As many of you know, the busiest time of year for public accounting firms is from January until mid-April. For college students seeking full-time internships in public accounting, this time of year often coincides with the spring semester. To make up for this overlap, some universities have built their program to allow students to completely dedicate their time to the internship during these months, and then take courses originally scheduled for the spring semester during the summer.
For those who attend smaller universities, myself included, it is not always an option to complete a full-time internship during the accounting busy season. One of the main reasons is that the university may not offer certain core accounting classes over the summer. Although this situation is not ideal, I’ve learned that it is still possible to achieve your goals.
I was able to successfully complete an internship as well as my course requirements by taking initiative and utilizing all of the tools for growth that were offered at both my university and at Kreischer Miller. Here are a few things I learned along the way that may be helpful if you find yourself in a similar situation:
- Make connections. Without the connections that I formed in my network, I would not be in the position that I am today. One of my accounting professors who became a great mentor informed me about Kreischer Miller when I told him I was interested in public accounting. I always worried about not being able to complete an internship in public accounting based on the circumstances, but I was extremely happy to hear that Kreischer Miller offers part-time internships in its Internal Operations department throughout the school year for students like myself who are unable to complete a full-time, semester-long audit or tax internship.
After interviewing with Kristin Seeger, Kreischer Miller’s Director of Talent Acquisition, who informed me about the company and the internship role, I was offered the internship. This opportunity would have never been possible without the connections I had previously made.
- Take initiative. Although I had the idea that I wanted to enter public accounting upon graduation, I didn’t have a clear view of whether I should choose audit or tax. I had a discussion with Kristin about each of these routes, and asked if it would be possible to speak with team members in the audit and tax departments and ask them questions about a typical day in their field. She was more than happy to schedule time on a day I was working to meet with staff members from both the audit and tax departments. These team members were extremely helpful in answering my questions, and I was able to determine that while both seemed like excellent choices, tax would ultimately be the better option for me.
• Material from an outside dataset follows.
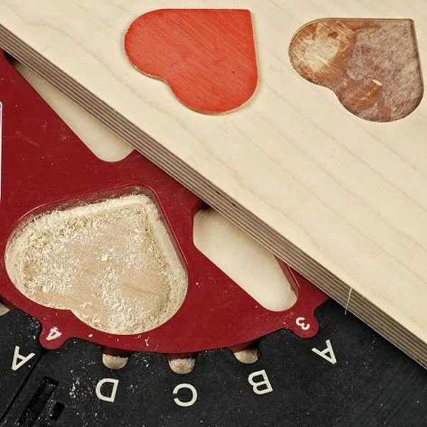The user manual contains 25 design ideas, plus instructions on the best way to create your own designs. Multiple sizes of common inlay shapes are also included. The pencil guide and pencil duplicate the cutting path of the router allowing you to practice your designs before cutting the project material.
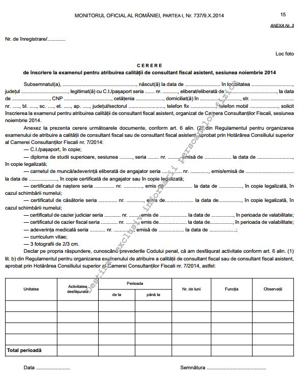 (3) Pentru atribuirea calitatii de consultant fiscal asistent dosarul de inscriere va contine cererea de inscriere la examen, prevazuta in anexa nr. 3, care face parte integranta din prezenta hotarare, si documentele corespunzatoare prevazute la art. 6 alin. (2) din Regulamentul pentru organizarea examenului de atribuire a calitatii de consultant fiscal sau de consultant fiscal asistent, aprobat prin Hotararea Consiliului superior al Camerei Consultantilor Fiscali nr. 7/2014.

- Ask questions. While you learn a lot in school, there is so much more you can learn from being on the job. During my internship in the Internal Operations department, I assisted with the internal accounting aspects of the firm, such as billing and tax processing. Over the course of my internship, I encountered so many knowledgeable individuals who went above and beyond to teach me new things and to answer any questions that I had. This just goes to show the fantastic culture that Kreischer Miller has instilled at the firm. Having a team that encourages you to ask questions and that is willing to take time out of their busy days to teach you new things helps tremendously on the journey to not only becoming more comfortable on the job, but to also developing the skills you need to have a prosperous career.
- Be willing to be flexible. If I had been narrowly-focused on a traditional full-time audit or tax busy season internship, I would have missed out on the opportunity at Kreischer Miller and I may not have been able to complete a public accounting internship at all. Working in Internal Operations was a slightly different role, but I learned so much and was still able to benefit from the exposure to the public accounting firm environment – not to mention, it was a tremendous opportunity to expand my professional network even further.
At the end of the day, your character and work ethic will ultimately determine your success, not whether you were able to complete a full-time audit or tax internship. If you are a current student finding yourself in a similar situation as mine, remember to make connections, take initiative, ask questions, and be willing to be flexible. Taking these steps will lead you to a successful career path.